● **ABOUT THIS EXERCISE**
What you need to produce from the material below is an exact transcription of the lines from the one with "Ca 70 procent" through the one with "Анализ данных показал, что", both included, and no other line.

● **DATASET RECORDS**
-*-

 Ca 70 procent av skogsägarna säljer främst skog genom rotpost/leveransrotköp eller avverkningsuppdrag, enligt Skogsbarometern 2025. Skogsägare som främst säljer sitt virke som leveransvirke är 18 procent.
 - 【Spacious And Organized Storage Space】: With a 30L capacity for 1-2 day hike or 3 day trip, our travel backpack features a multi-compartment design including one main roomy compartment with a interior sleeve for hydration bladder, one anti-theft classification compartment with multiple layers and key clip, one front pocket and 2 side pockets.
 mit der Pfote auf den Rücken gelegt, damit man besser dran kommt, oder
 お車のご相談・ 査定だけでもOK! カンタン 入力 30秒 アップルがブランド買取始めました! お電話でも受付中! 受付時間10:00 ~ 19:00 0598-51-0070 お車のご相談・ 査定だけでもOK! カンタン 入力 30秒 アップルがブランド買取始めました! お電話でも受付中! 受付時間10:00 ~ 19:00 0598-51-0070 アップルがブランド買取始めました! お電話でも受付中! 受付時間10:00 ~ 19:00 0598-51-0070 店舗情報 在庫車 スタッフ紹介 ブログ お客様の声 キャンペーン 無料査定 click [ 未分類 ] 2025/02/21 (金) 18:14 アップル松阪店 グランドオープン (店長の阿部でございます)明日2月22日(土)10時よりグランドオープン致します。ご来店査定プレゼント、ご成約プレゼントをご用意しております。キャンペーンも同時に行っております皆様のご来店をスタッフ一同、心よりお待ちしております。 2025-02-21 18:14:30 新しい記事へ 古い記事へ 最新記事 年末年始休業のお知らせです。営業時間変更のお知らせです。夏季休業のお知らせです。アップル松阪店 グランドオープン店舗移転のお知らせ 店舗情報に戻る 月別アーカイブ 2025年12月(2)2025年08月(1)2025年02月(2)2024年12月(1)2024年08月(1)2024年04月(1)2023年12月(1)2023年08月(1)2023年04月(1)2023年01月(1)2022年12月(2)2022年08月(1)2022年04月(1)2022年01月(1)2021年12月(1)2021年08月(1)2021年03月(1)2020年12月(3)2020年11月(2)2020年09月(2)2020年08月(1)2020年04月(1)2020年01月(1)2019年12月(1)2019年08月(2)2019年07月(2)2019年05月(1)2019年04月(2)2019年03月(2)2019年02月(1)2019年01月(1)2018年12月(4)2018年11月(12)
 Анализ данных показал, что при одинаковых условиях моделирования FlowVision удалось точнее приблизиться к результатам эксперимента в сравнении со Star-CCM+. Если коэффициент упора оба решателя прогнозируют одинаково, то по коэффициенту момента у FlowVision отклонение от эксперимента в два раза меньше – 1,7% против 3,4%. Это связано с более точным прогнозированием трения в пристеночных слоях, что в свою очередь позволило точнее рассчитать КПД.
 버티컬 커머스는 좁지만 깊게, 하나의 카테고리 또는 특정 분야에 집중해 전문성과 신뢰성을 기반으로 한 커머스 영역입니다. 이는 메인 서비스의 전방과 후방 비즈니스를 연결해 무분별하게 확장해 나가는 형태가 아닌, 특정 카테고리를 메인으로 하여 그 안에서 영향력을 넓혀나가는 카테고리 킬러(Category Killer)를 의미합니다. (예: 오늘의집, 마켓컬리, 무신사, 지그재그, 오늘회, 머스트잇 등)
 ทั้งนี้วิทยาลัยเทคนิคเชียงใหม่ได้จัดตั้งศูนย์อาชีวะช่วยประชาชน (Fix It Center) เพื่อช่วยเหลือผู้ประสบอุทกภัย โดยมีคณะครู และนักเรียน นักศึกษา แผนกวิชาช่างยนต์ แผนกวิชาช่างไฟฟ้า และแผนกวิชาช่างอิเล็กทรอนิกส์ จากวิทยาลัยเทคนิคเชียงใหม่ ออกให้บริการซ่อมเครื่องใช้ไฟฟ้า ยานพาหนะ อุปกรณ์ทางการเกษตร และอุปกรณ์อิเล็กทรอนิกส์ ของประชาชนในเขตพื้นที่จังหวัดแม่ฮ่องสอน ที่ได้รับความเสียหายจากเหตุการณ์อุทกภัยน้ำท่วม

-*-

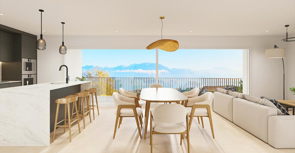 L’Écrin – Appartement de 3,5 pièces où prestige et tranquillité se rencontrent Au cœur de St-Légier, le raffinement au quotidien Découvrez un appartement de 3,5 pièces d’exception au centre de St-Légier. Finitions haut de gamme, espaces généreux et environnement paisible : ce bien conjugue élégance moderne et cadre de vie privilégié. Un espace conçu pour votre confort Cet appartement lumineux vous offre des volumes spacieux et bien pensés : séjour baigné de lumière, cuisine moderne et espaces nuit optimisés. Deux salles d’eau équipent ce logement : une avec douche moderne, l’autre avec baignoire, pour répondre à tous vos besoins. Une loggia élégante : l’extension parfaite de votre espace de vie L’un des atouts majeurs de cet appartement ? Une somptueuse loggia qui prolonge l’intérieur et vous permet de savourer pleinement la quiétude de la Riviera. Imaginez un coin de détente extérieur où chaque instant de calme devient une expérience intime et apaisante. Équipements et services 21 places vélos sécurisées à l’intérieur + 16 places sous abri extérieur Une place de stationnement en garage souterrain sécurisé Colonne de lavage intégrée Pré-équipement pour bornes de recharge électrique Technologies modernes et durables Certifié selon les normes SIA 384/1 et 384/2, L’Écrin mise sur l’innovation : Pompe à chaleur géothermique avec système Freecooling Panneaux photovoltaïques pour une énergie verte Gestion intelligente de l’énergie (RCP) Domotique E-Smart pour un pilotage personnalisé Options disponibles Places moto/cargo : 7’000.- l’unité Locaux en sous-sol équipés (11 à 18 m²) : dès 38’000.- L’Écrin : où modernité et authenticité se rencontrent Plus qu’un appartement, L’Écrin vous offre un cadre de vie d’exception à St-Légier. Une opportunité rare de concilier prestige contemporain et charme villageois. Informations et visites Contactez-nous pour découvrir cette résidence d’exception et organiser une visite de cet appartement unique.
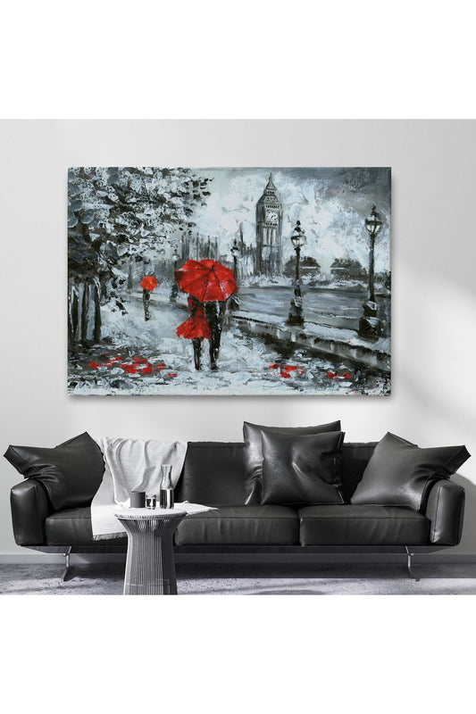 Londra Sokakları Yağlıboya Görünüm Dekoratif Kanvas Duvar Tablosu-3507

-*-

● **RESPONSE TO THE TASK**
 Ca 70 procent av skogsägarna säljer främst skog genom rotpost/leveransrotköp eller avverkningsuppdrag, enligt Skogsbarometern 2025. Skogsägare som främst säljer sitt virke som leveransvirke är 18 procent.
 - 【Spacious And Organized Storage Space】: With a 30L capacity for 1-2 day hike or 3 day trip, our travel backpack features a multi-compartment design including one main roomy compartment with a interior sleeve for hydration bladder, one anti-theft classification compartment with multiple layers and key clip, one front pocket and 2 side pockets.
 mit der Pfote auf den Rücken gelegt, damit man besser dran kommt, oder
 お車のご相談・ 査定だけでもOK! カンタン 入力 30秒 アップルがブランド買取始めました! お電話でも受付中! 受付時間10:00 ~ 19:00 0598-51-0070 お車のご相談・ 査定だけでもOK! カンタン 入力 30秒 アップルがブランド買取始めました! お電話でも受付中! 受付時間10:00 ~ 19:00 0598-51-0070 アップルがブランド買取始めました! お電話でも受付中! 受付時間10:00 ~ 19:00 0598-51-0070 店舗情報 在庫車 スタッフ紹介 ブログ お客様の声 キャンペーン 無料査定 click [ 未分類 ] 2025/02/21 (金) 18:14 アップル松阪店 グランドオープン (店長の阿部でございます)明日2月22日(土)10時よりグランドオープン致します。ご来店査定プレゼント、ご成約プレゼントをご用意しております。キャンペーンも同時に行っております皆様のご来店をスタッフ一同、心よりお待ちしております。 2025-02-21 18:14:30 新しい記事へ 古い記事へ 最新記事 年末年始休業のお知らせです。営業時間変更のお知らせです。夏季休業のお知らせです。アップル松阪店 グランドオープン店舗移転のお知らせ 店舗情報に戻る 月別アーカイブ 2025年12月(2)2025年08月(1)2025年02月(2)2024年12月(1)2024年08月(1)2024年04月(1)2023年12月(1)2023年08月(1)2023年04月(1)2023年01月(1)2022年12月(2)2022年08月(1)2022年04月(1)2022年01月(1)2021年12月(1)2021年08月(1)2021年03月(1)2020年12月(3)2020年11月(2)2020年09月(2)2020年08月(1)2020年04月(1)2020年01月(1)2019年12月(1)2019年08月(2)2019年07月(2)2019年05月(1)2019年04月(2)2019年03月(2)2019年02月(1)2019年01月(1)2018年12月(4)2018年11月(12)
 Анализ данных показал, что при одинаковых условиях моделирования FlowVision удалось точнее приблизиться к результатам эксперимента в сравнении со Star-CCM+. Если коэффициент упора оба решателя прогнозируют одинаково, то по коэффициенту момента у FlowVision отклонение от эксперимента в два раза меньше – 1,7% против 3,4%. Это связано с более точным прогнозированием трения в пристеночных слоях, что в свою очередь позволило точнее рассчитать КПД.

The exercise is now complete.